Even if this court were to accept petitioner's argument that he has exhausted his administrative remedies because the time period for filing an appeal to the National Appellate Board has expired, his petition might still be dismissed on the ground he deliberately bypassed an available administrative remedy and therefore should be denied an opportunity to assert his claims in federal court. Fay v. Noia, 1963, 372 U.S. 391, 438, 83 S. Ct. 822, 9 L. Ed. 2d 837; Henry v. Mississippi, 1965, 379 U.S. 443, 85 S. Ct. 564, 13 L. Ed. 2d 408; Angle v. Laird, 10 Cir. 1970, 429 F.2d 892, cert. denied, 1971, 401 U.S. 918, 91 S. Ct. 90, 27 L. Ed. 2d 819. The test for such deliberate bypass or waiver is an awareness of the availability of an administrative remedy and a decision not to use it made by the petitioner himself. Angle v. Laird, 429 F.2d at 894; Watkins v. Crouse, 10 Cir. 1965, 344 F.2d 927, 929. Where a federal habeas corpus petitioner has deliberately bypassed available state or administrative procedures and in doing so has forfeited his state or administrative remedies, a federal court in its discretion may deny habeas corpus relief. See Montgomery v. Hopper, 5 Cir. 1973, 488 F.2d 877; United States ex rel. Schaedel v. Follette, 2 Cir. 1971, 447 F.2d 1297; Anderson v. Nelson, 9 Cir. 1970, 432 F.2d 55; United States ex rel. Navarro v. Johnson, E.D.Pa.1973, 365 F. Supp. 676; United States ex rel. Brown v. Russell, E.D.Pa.1970, 318 F. Supp. 76.

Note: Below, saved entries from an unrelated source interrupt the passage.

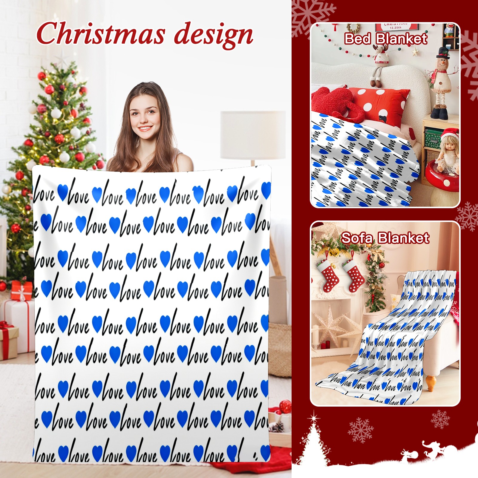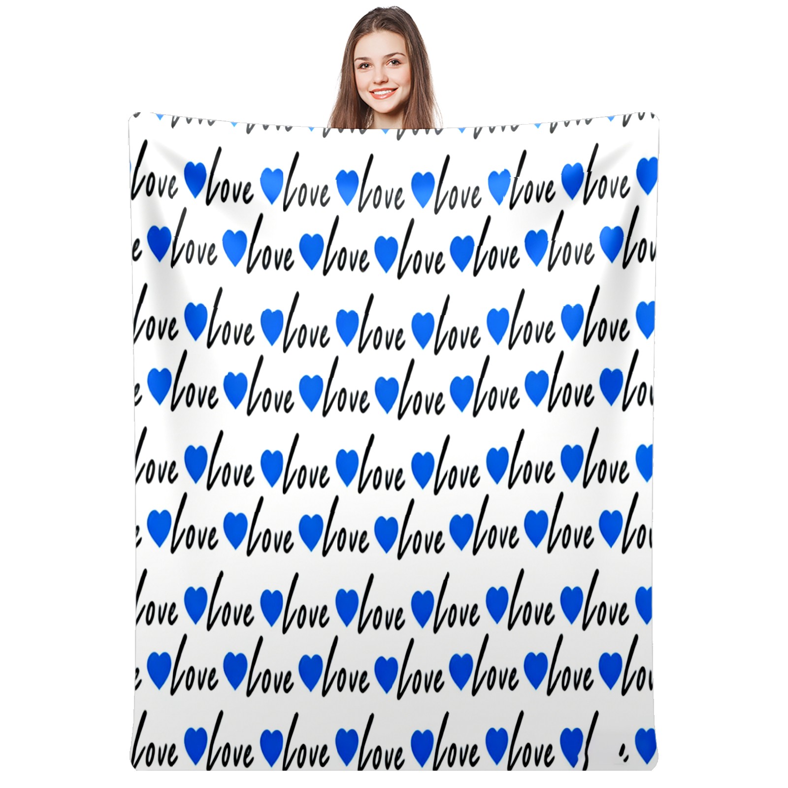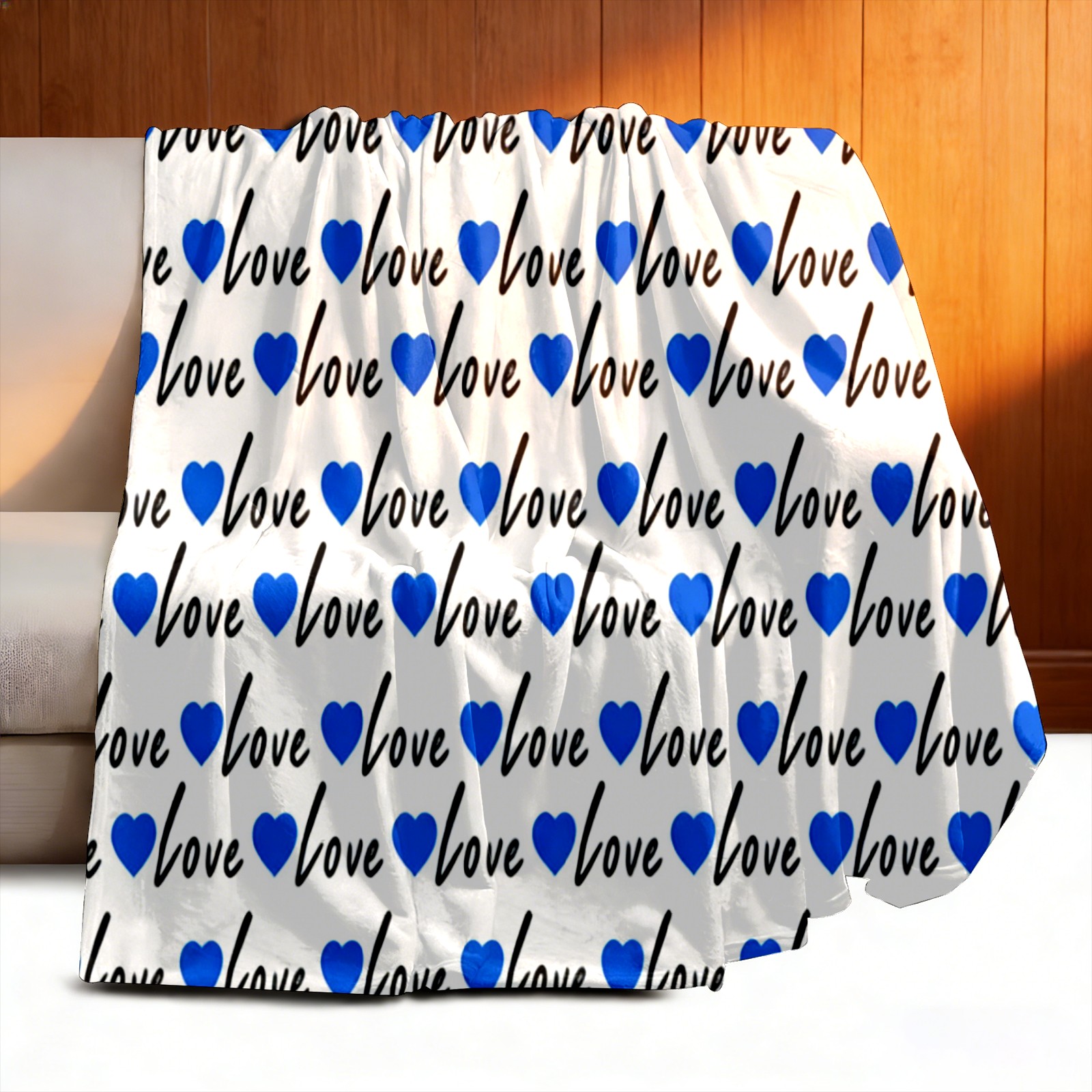 Counullo Flannel Throw Blanket, Ultra Soft Anti-Pilling Blanket for Couch & Bed, Lightweight Cozy Blanket for Travel, Home, Camping Gift - (30" x 39"), LOVE Text Blue
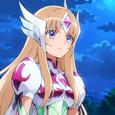 Aquila Yuna, 1girl, solo, long hair, blonde hair, brown hair, blue eyes, purple eyes, anime coloring,,
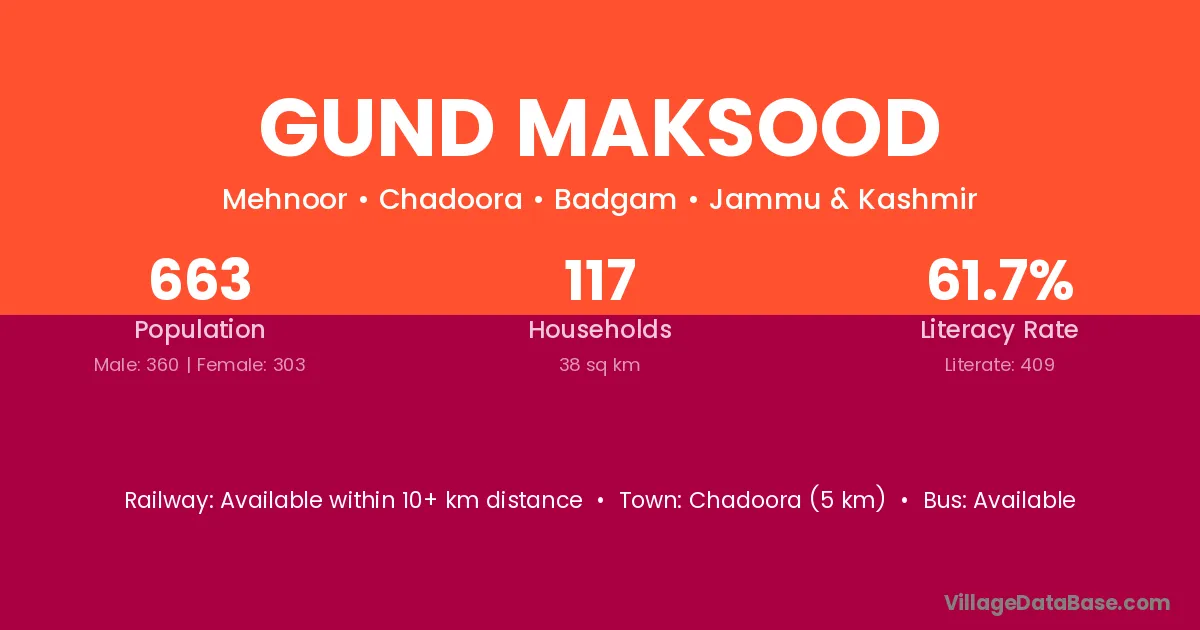 Chadoora (5 km) is the nearest town to Gund Maksood village for major economic activities and is located approximately 5 km away.
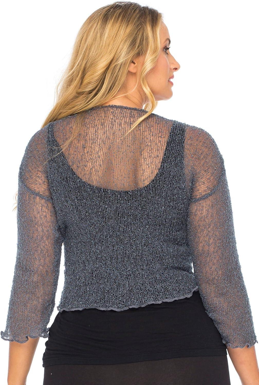 Back From Bali Womens Plus Size Shrug Bolero Sheer Cardigan Arm Cover 2X 3X 4X Lightweight(Grey)
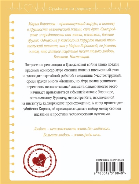 Потрясения революции и Гражданской войны давно позади, Красный комиссар Мура сменила коня на письменный стол и руководит партийной работой в медицине. Участок трудный, среди врачей много "бывших", но Мура полна решимости перековать несознательный элемент, однако вместо этого начинает привязываться к бывшей княжне Элеоноре, офтальмологу Гуревичу, медсестре Кате, исключенной из института за дворянское происхождение. А когда происходит убийство Кирова, ей приходится сделать выбор между своими идеалами и простыми человеческими чувствами?

The deliberate bypass doctrine is essential to the vitality of the exhaustion of administrative remedies doctrine established in Soyka v. Alldredge, 3 Cir. 1973, 481 F.2d 303. Without the deliberate bypass doctrine, administrative review procedures could be avoided simply by waiting for prescribed time periods for administrative appeal to run.
Since the court has decided for the aforementioned reasons that petitioner has failed to exhaust his administrative remedies, the court at this time makes no judgment as to whether there has been a deliberate bypass of administrative procedures.
The court has discussed the deliberate bypass doctrine in order to impress upon those who seek review of Parole Board decisions that this doctrine, in combination with the exhaustion of administrative remedies rule, clearly requires federal prisoners to avail themselves of the means of administrative review of decisions of the hearing examiner panel, provided for under the regulations promulgated by the United States Parole Board, 39 Fed.Reg. §§ 2.24-2.27, before seeking federal habeas corpus relief.
The petition for a writ of habeas corpus will be denied for failure to exhaust administrative remedies.